2. Records must be accessible and usable
Recordkeeping is not only about retaining files. ASQA also expects assessment documentation, whether hard copy or electronic, to be stored so that it remains accessible and usable for the full retention period. ASQA also refers to digital backup, safeguards for privacy, and systems that allow records to remain accessible and understandable over time.
3. CRICOS written agreements and payment records
For CRICOS providers, ASQA’s written agreements guidance states that Standard 3 of the National Code requires ESOS providers to enter into written agreements with overseas students. It also states that registered providers must retain records of all written agreements and receipts of payment for at least two years after the overseas student ceases to be an accepted student.
4. PRISMS and student information reporting
CRICOS providers must also maintain records that support accurate reporting. ASQA’s reporting obligations guidance explains that when an overseas student’s identity or course duration changes, CRICOS providers must inform DEWR through PRISMS, and that course duration changes may require a Student Course Variation.

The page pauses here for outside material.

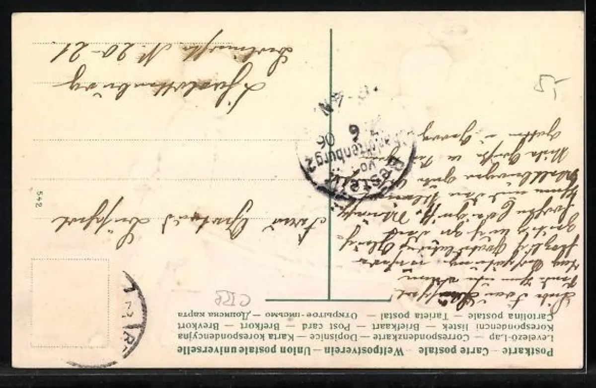 alte Ansichtskarte, gelaufen, Briefmarke entfernt, guter Zustand

5. Governance and quality records
Self-assurance also requires records that show oversight and improvement. Providers should maintain governance minutes, quality reports, risk registers, internal audit outcomes, validation records, student feedback analysis, complaints and appeals records, continuous improvement actions and evidence of management review.
Related official guidance
These are the legal instruments that mandate specific administrative actions:
- Standard 10(c): Assessment Records. Explicitly requires RTOs to retain records of all assessments submitted by a student for 2 years from the date the student completes the training product.
- Clause 9: Issuance of Certification. Mandates that AQF certification documentation must be issued within 30 calendar days of a student being assessed as competent.
- Standard 12: General Records Management. General obligation to maintain secure and accurate records to support the integrity of RTO operations.